EXERCISE - Give back exactly the lines from the "Muela Apache Red" line to the final line of the records, and only those, minus any pictures.

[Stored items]
BEGIN

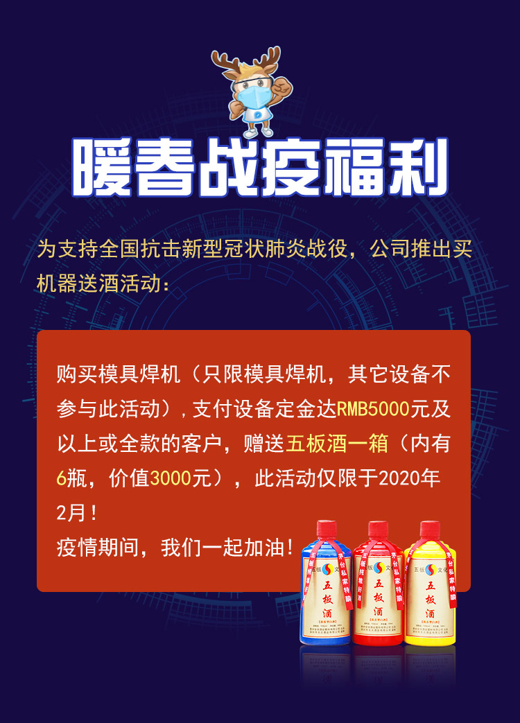 新型冠狀肺炎戰(zhàn)役福利——買(mǎi)通發(fā)激光模具焊接機(jī)送五板酒
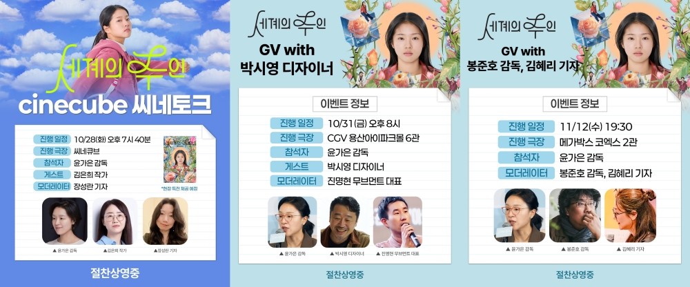 윤 감독은 다음 달 5일, 아트나인에서 민용준 영화 저널리스트와 시네마구구를 진행한다. 7일 상상마당에서 서수빈, 김정식, 강채윤, 김예창, 김민지, 오정원 등 주역들과 함께 관객을 만난다.
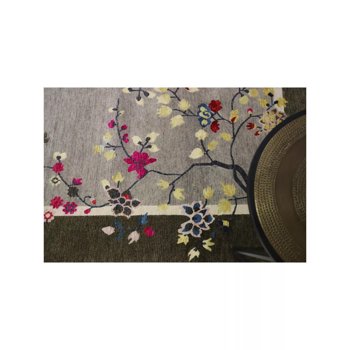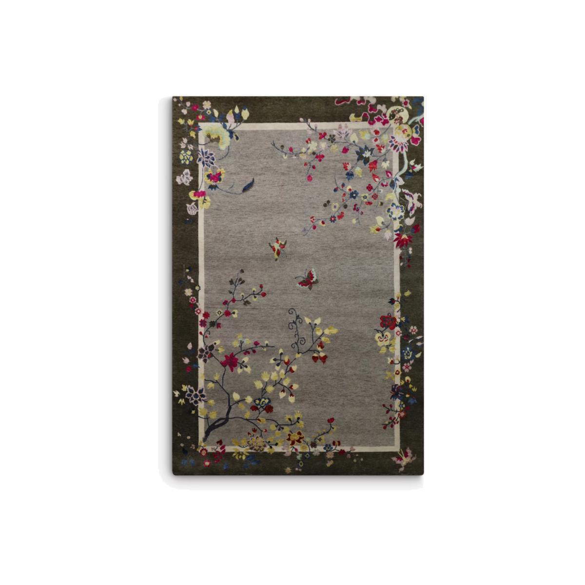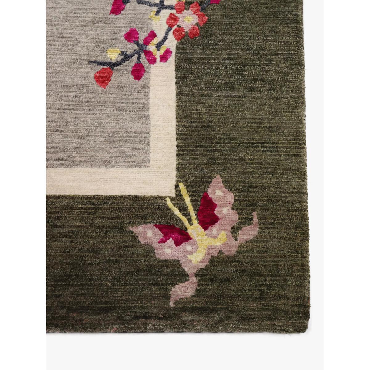 With a charming and intricate floral design around the border complete with fluttering butterflies, this colourful floor covering is woven from a wool-rich silk blend for the perfect balance between softness and strength. The 80 knot quality of this rug is woven using OOAK silk which is soft and extremely light and Dhingri wool by specialist artisan Himalayan weavers based in the foothills of Kathmandu Valley. Each rug is individually hand knotted using a traditional Tibetan Senneh knot technique. The OOAK silk and Dhingri wool are dyed into required shades creating natural abrash reflecting multiple shades in a single colour. In 1sqm of rugs there would be around 80,000 + knots giving a fine-density pile. This rug has been knotted by hand, the oldest and most individual way a rug can be made. This involves an intricate process of weaving by hand on a loom where yarns are tied one at a time, giving the rug a durable construction. About your new rug We recommend. It prevents your rug from moving underfoot and protects against colour transfer to the floor Natural fibres may shed. This will reduce over time, and shouldn't affect your rug's lifespan or performance When vacuuming your rug, use suction only. Rotating brushes may damage the fibres Blot any spills with a clean, dry cloth. Do not rub or use harsh detergents. Textile backed
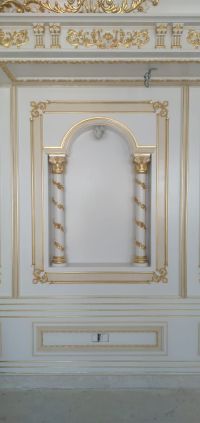 Interior decoration, gold leaf cladding, antiquing, plaster and wood molding, wood and furniture paints
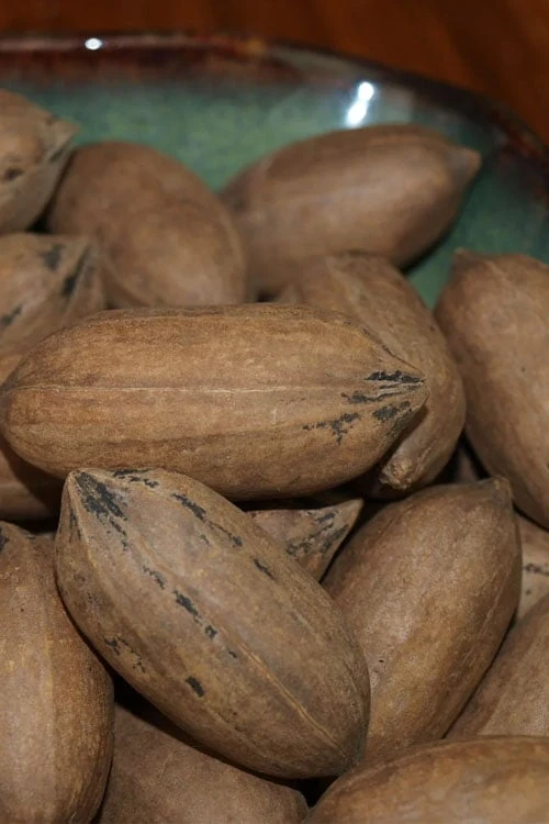 Aside from producing some of the most delicious nuts on earth, pecan trees make very nice shade trees in the edible landscape. Ornamental features include the attractive pinnately compound deep green leaves that turn golden-yellow in fall, and slate-grey color bark that has a lightly fissured texture.
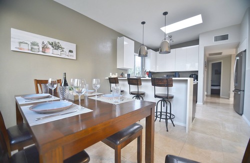 Dine at the dining table which has seating for 6 or use one of the barstools and carry on a conversation with your group.
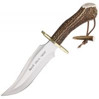Muela Apache Red Stag Horn Handle Hunting Knife with Leather Sheath, 7-5/8"
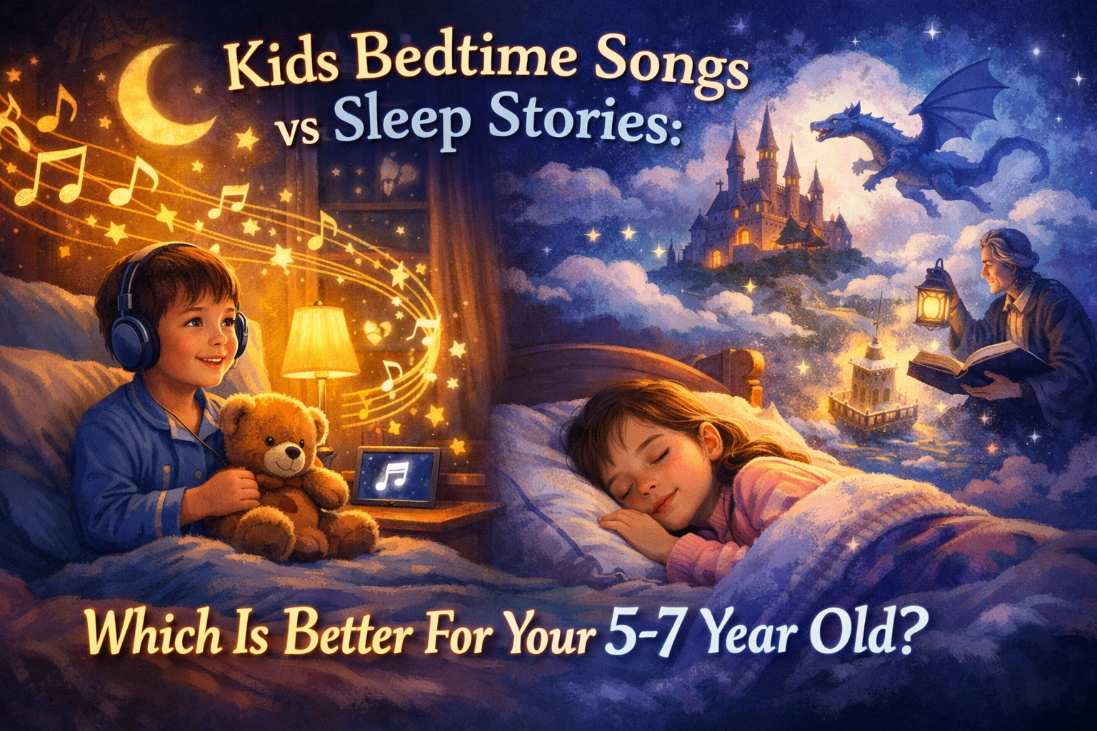Discover whether bedtime songs or sleep stories work better for your 5-7 year old. Learn the benefits of each and how to combine them.
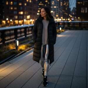 This look is ideal for strolling through Bryant Park’s Winter Village while staying warm and picture-ready.
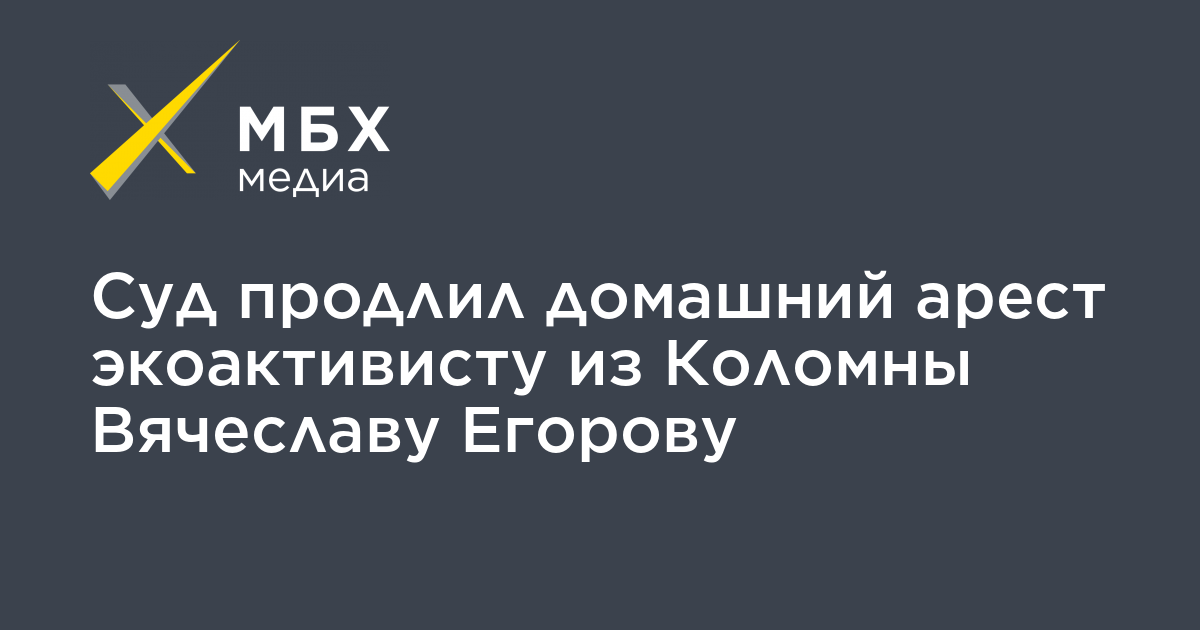 Коломенский городской суд продлил до 30 июля срок домашнего ареста экоактивисту Вячеславу Егорову, которого обвиняют в неоднократном нарушении порядка проведения митингов (ст. 212.1 УК). Об этом «МБХ медиа» сообщила адвокат Мария Эйсмонт.
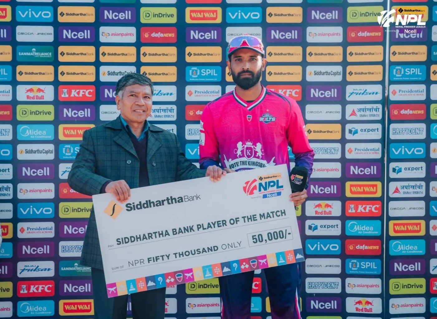 आजको जितमा अनिल शाह ‘म्याच विनर’ बने । ६१ रन हिर्काउनुका साथै एक विकेट पनि झारेका अनिल ‘प्लेयर अफ द म्याच’ समेत चुनिए । जितपछि सञ्चारकर्मीसँगको कुराकानीमा शाहले ‘प्लेअफ’को सम्भावना बाँकी रहेको बताउनुभयो ।
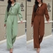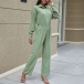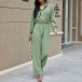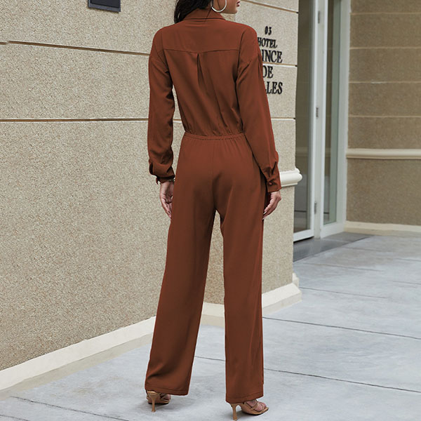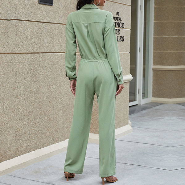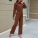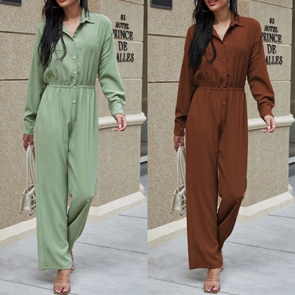 Fashion Solid Color Long Sleeve POLO Collar High Waist Jumpsuit
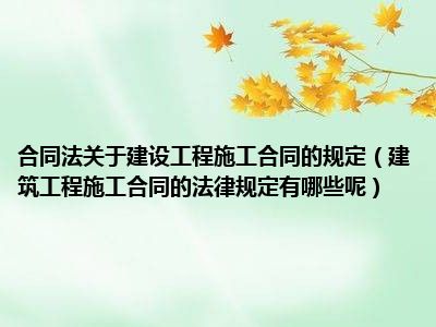 目前大家应该是对建筑工程施工合同的法律规定有哪些呢比较感兴趣的,所以今天CC就来为大家整理了一些关于建筑工程施工合同的法律规定有哪些呢方面的相关知识来分享给大家,希望大家会喜欢哦。

END

FINISHED TASK -
Muela Apache Red Stag Horn Handle Hunting Knife with Leather Sheath, 7-5/8"
Discover whether bedtime songs or sleep stories work better for your 5-7 year old. Learn the benefits of each and how to combine them.
 This look is ideal for strolling through Bryant Park’s Winter Village while staying warm and picture-ready.
 Коломенский городской суд продлил до 30 июля срок домашнего ареста экоактивисту Вячеславу Егорову, которого обвиняют в неоднократном нарушении порядка проведения митингов (ст. 212.1 УК). Об этом «МБХ медиа» сообщила адвокат Мария Эйсмонт.
 आजको जितमा अनिल शाह ‘म्याच विनर’ बने । ६१ रन हिर्काउनुका साथै एक विकेट पनि झारेका अनिल ‘प्लेयर अफ द म्याच’ समेत चुनिए । जितपछि सञ्चारकर्मीसँगको कुराकानीमा शाहले ‘प्लेअफ’को सम्भावना बाँकी रहेको बताउनुभयो ।
 Fashion Solid Color Long Sleeve POLO Collar High Waist Jumpsuit
 目前大家应该是对建筑工程施工合同的法律规定有哪些呢比较感兴趣的,所以今天CC就来为大家整理了一些关于建筑工程施工合同的法律规定有哪些呢方面的相关知识来分享给大家,希望大家会喜欢哦。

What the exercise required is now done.